Косолапым не всем понятно:

– Но, отвергая защиту отечества, мы оставляем страну беззащитной?

– В корне неправильная постановка вопроса! А правильная: или мы дадим себя убивать в интересах империалистической буржуазии, или ценой меньших жертв совершим социалистический переворот в Швейцарии – единственное средство освободить швейцарские массы от дороговизны и голода!

(В Циммервальде почти не выступал, направлял своих левых из тени. Это – самый верный расчёт сил. Уж Радек ли не выступит! – остроумно, находчиво, развязно, самоуверенно. Обязанность же вождя – сплачивать своих немногих. Враг – это ещё полврага. Но кто был с нами и вдруг от нашей линии отвихивается – это двойной враг! вот по таким – первый удар! А лучше – предусмотреть, и между заседаний накачивать своих на сепаратных совещаниях.)

– …В том и весь позор пацифизма, что он мечтает о мире без социалистической революции.

У Радека весёлая легкоподъёмность: все карманы у него оттопырены газетами, книгами, на первый день есть, если бежать на революцию – так прямо отсюда. А – интересно как!

(Но – следить за мошенником: в любую минуту переметнётся, изменит. То – путал, мирил Гримма и Платтена, когда их надо всячески ссорить.)

– …Переворот – абсолютно необходим для устранения всех войн…

А Бронский – как дремлет. Бронский мог бы тут и не сидеть, он – для счёта всегда. Когда нужно – проголосует. А когда нужно – и скажет что нужно.

(Да – глупый он. Но – так мало нас, пригодится каждый в своё время.)

– …Социалистический строй один избавит человечество от войн…

Нобс – как будто одобрителен, и в глазах и в губах – сочувствие, а ушки – покойно на месте, а лоб не взморщится. Да ведь – главный редактор главной газеты левых и мягко продвигается по партии на председательские места. Он очень, очень нужен им тут всем.

Нужны – и они ему, Нобс отлично понимает, что ветер всегда дует слева. Вот – их кучка, вот – их несколько человек, а ведь могут повернуть всю швейцарскую партию? Да только не дать им на шею сесть.

– …Это непоследовательно: стремиться к окончанию войны и отвергать социалистическую революцию…

(Но вскочил Ленин и крикнул на письмо Либкнехта Циммервальду: «Гражданская война – это великолепно!» Осторожность хороша на 9/10, а в 1/10 надо переступать.
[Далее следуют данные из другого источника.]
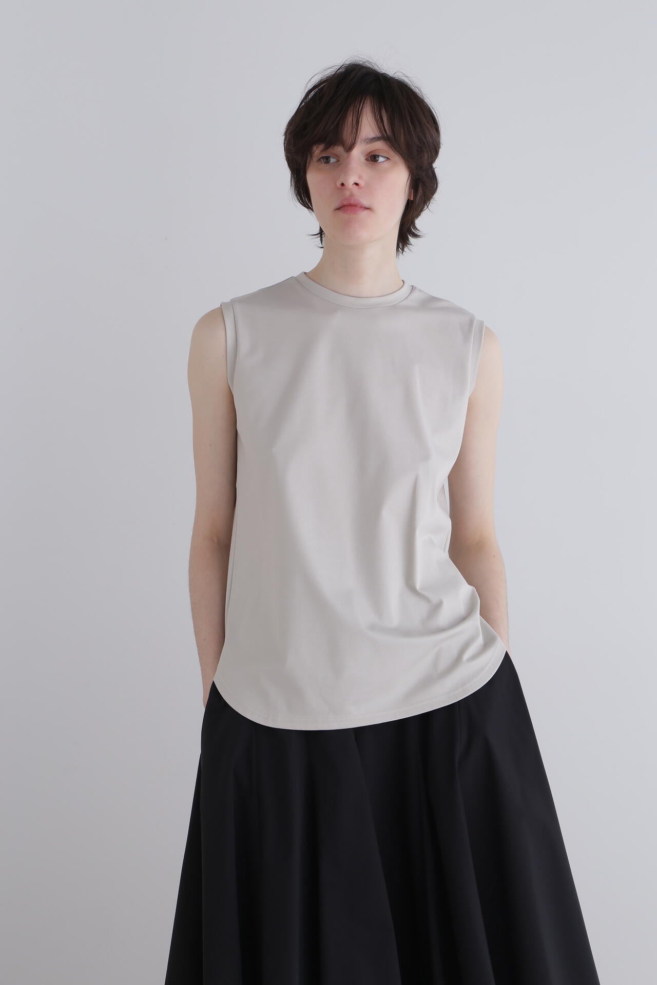 普段使いにぴったりのベーシックノースリーブT。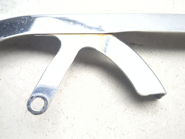 Upper Belt Guard - Chrome protective guard for the final drive belt. Fits 2004-2022 Harley-Davidson Sportster models including XL1200C, XL1200R, XL883, XL883L, XL883N, and others. Note: Features a 'Rockford Fosgate' logo laser-etched on the side. Structurally sound with light age-appropriate surface wear and minor oxidation on mounting tabs. OEM 60402-04, 60367-04.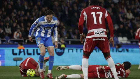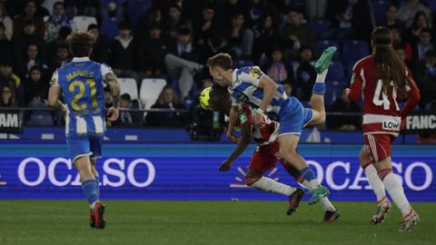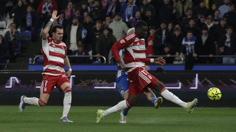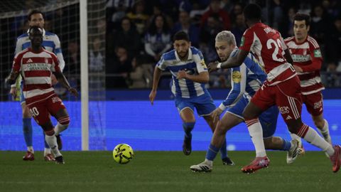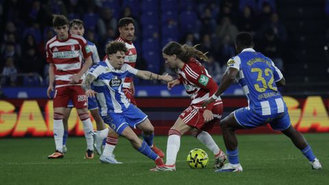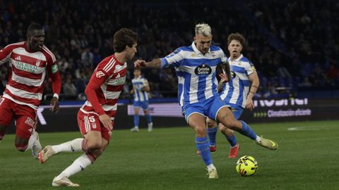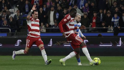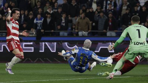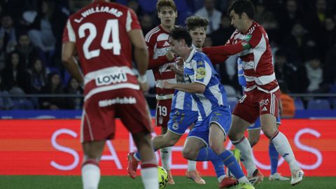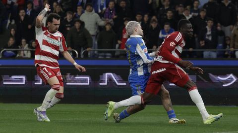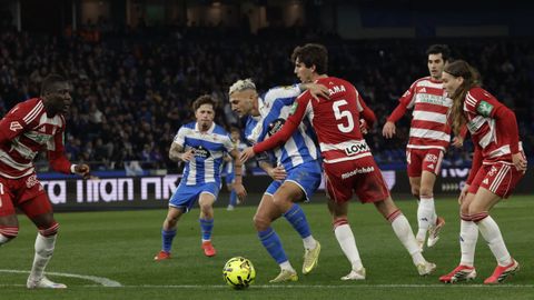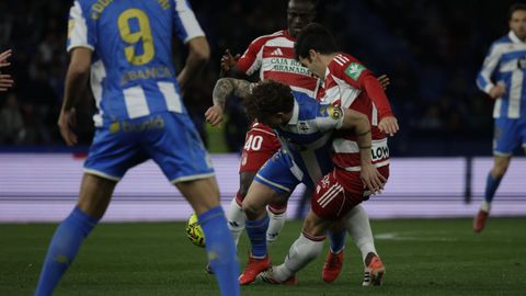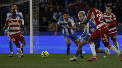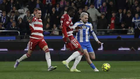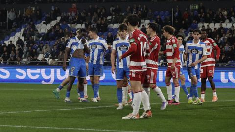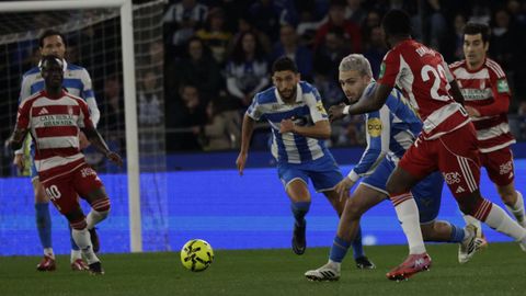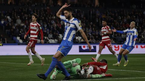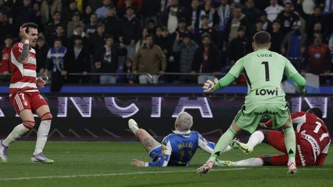 El carrusel de relevos no sentó bien a los blanquiazules, que perdieron impulso y se vieron de nuevo empujados contra su área. A veinte minutos del final Hidalgo quemó naves con la entrada de Mulattieri, desapercibido hasta que marró la última ocasión del choque, pero lo cierto es que al Dépor ya le costaba un riñón penetrar en las líneas de un Granada pertrechado a la espera de sentenciar.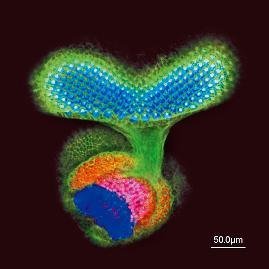 作品有一個非常傳神的名字“萌發”,猶如一粒剛剛發芽的種子,蘊含著蓬勃的生命氣息,令人感嘆生命發育的神奇和偉大。而它的真實取材來自果蠅幼蟲的眼盤和大腦。

Идти в окопы с пролетарским лозунгом: братание! В войсках проповедовать классовую борьбу! Обращать оружие – против своих! Эпоха штыка наступила! Конечно, рискованно так эмигранту в нейтральной стране, но – всегда обходилось. А в Циммервальде гнусный подлый немец Ледебур: «Вы здесь подпишете – вам не опасно, а тем? Езжайте в Россию – и подписывайте оттуда!» Уровень аргументов!..)
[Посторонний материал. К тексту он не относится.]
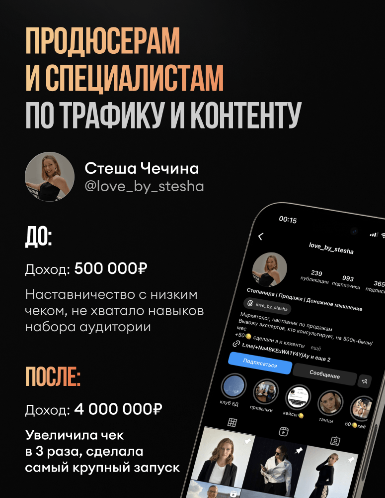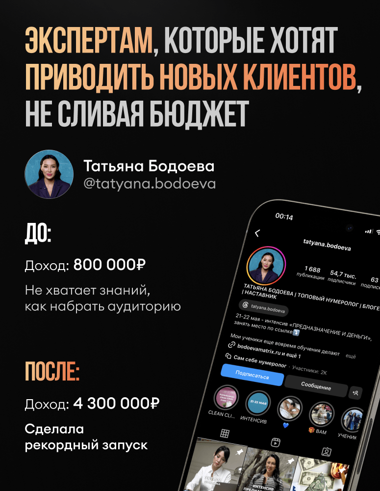 Переупаковала аккаунт, изменила стратегию ведения сторис, начала закупать трафик.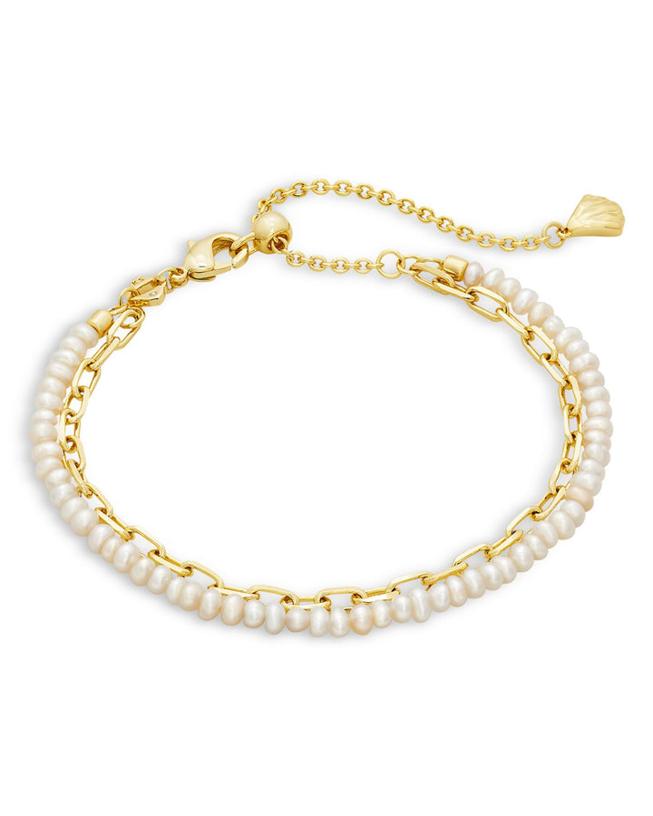 Lolo Link & Cultured Freshwater Pearl Double Row Slider Bracelet in 14K Gold Plated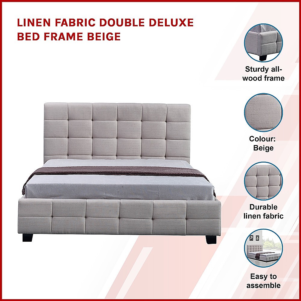Palermo Linen Fabric Double Bed Frame and Button Tufted Headboard Beige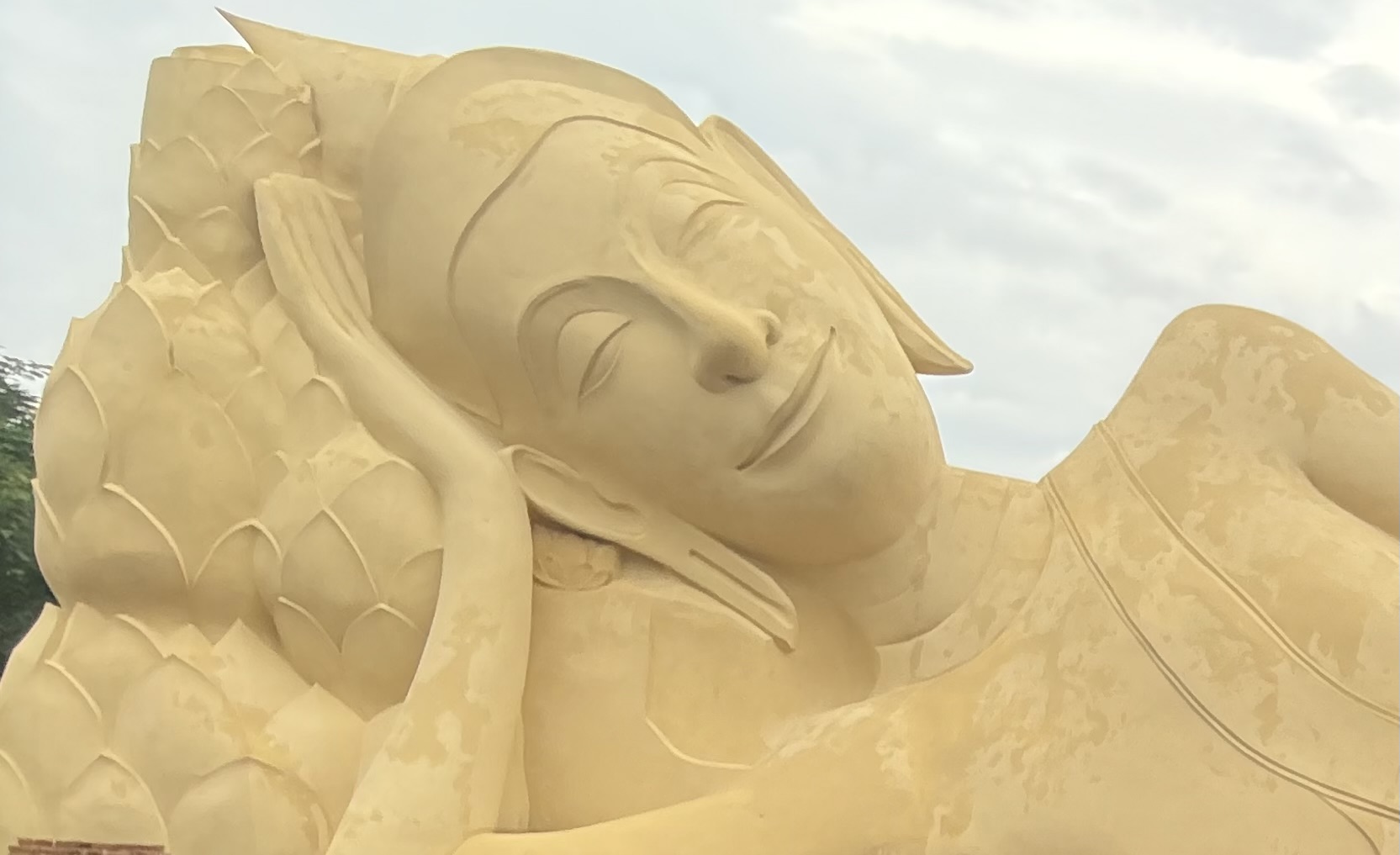 広大な草原に悠々と寝そべる高さ5m、全長28mの巨大寝釈迦仏です。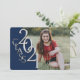 Klass 2021: Blåinbjudan och inbjudan till silver studenten med foto och redigerbar studentfest eller startinformation på baksidan. Anpassa med eget foto, egen text och eget teckensnitt i stil.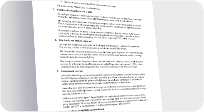 • Retiring employee • Retiring school employee • Eligible elected or full-time appointed official of the legislative or executive branch of state government leaving public office • Dependent becoming eligible as a survivor • Retiree or survivor enrolled in PEBB retiree insurance coverage For details, see the PEBB Retiree Enrollment Guide. 5. Family and Medical Leave Act of 1993 An employee on approved leave under the federal Family and Medical Leave Act (FMLA) may continue to receive the employer contribution toward PEBB benefits in accordance with the federal FMLA. The employing agency determines if the employee is eligible for leave and the duration of the leave under FMLA. The employee must continue to pay their monthly premium contribution and applicable premium surcharges during this period to maintain eligibility. If an employee exhausts the period of leave approved under FMLA, they may continue PEBB insurance coverage by self-paying the monthly premium and applicable premium surcharges set by HCA, with no contribution from the employing agency. See “Options for continuing PEBB medical coverage.” 6. Paid Family and Medical Leave Act An employee on approved leave under the Washington State Paid Family and Medical Leave (PFML) Program may continue to receive the employer contribution toward PEBB benefits. The Employment Security Department determines if the employee is eligible for leave under PFML. The employee must continue to pay their monthly premium contribution and applicable premium surcharges during this period to maintain eligibility. If an employee exhausts the period of leave approved under PFML, they may continue PEBB insurance coverage by self-paying the monthly premium and applicable premium surcharges set by HCA, with no contribution from the employing agency. See “Options for continuing PEBB medical coverage.” 7. Conversion of coverage An enrollee (including a spouse or dependent of a subscriber terminated for cause) has the right to switch from PEBB group medical to an individual conversion plan offered by this plan when they are no longer eligible to continue the PEBB group medical plan and are not eligible for Medicare or covered under another group insurance coverage that provides benefits for hospital or medical care. An enrollee must apply for conversion coverage and pay the first month’s premium no later than 31 days after their group medical plan ends or within 31 days from the date the notice of termination of coverage is received, whichever is later. Evidence of insurability (proof of good health) is not required to obtain the conversion coverage. Rates, coverage, and eligibility requirements of this conversion plan differ from those of the enrollee’s current group medical plan. To receive detailed information on conversion options under this medical plan, call us at (206) 630-0107 in the Seattle area, or toll-free in Washington, 1-866-648-1928. G. General provisions for eligibility and enrollment 1. Payment of premiums during a labor dispute Any employee or dependent whose monthly premiums are paid in full or in part by the employing agency may pay premiums directly to HCA if the employee’s compensation is suspended or terminated directly or indirectly because of a strike, lockout, or any other labor dispute, for a period not to exceed six months. PEBB_VA_2024 61

– …А швейцарская партия упорно остаётся в исключительно легальной колее и не готовится к революционной массовой борьбе…

От стойки с двумя пузатыми старыми бочками и десятками цветных горлышек официант с нетёсаным швейцарским лицом медленно носит к столам золотистые кружки, бордовые бокалы и стаканы. Другой от кухонного окошка – дощечки жёлтые с наструганными бурыми копчёностями да тарелки с жарким и рыбой, – непомерно изобильные швейцарские порции, как четверные, неторопливо убирают швейцарские животы. И ещё на огоньках подле каждого обжоры подогревается вторая половина порции.

– …Социалистическое преобразование Швейцарии вполне осуществимо и настоятельно необходимо. Капитализм вполне созрел для превращения в социализм – и немедленно!..

(На последнем заседании Циммервальда от полудня и всю ночь левая бушевала на каждой поправке, каждый раз требовала «особого мнения» в протоколе – и так незаметно сдвигала резолюцию влево. Ни Гражданской войны, ни Нового Интернационала не провели, конечно. Но создалась циммервальдская левая как международное крыло, и Ленин – вождь её, а не какой-то русский сектант. Руководство же осталось за центристами, и слава конференции – за Гриммом, во всех мировых газетах. Чуть старше тридцати, а – в Исполкоме Интернационала, потому что с оппортунистами заодно. Двадцать лет как Ленин по Швейцарии то ездил, то жил, – никакого Гримма и слышно не было.)

Втягивающее, узкое лицо Вилли. Он – согласен, согласен со всем, но, главное, точно ему понять: как делать? с чего начинать?

– В Швейцарии необходимо будет эскпроприировать… максимум… всего не больше 30 тысяч буржуа. Ну и конечно сразу захватить все банки. И Швейцария – станет пролетарской.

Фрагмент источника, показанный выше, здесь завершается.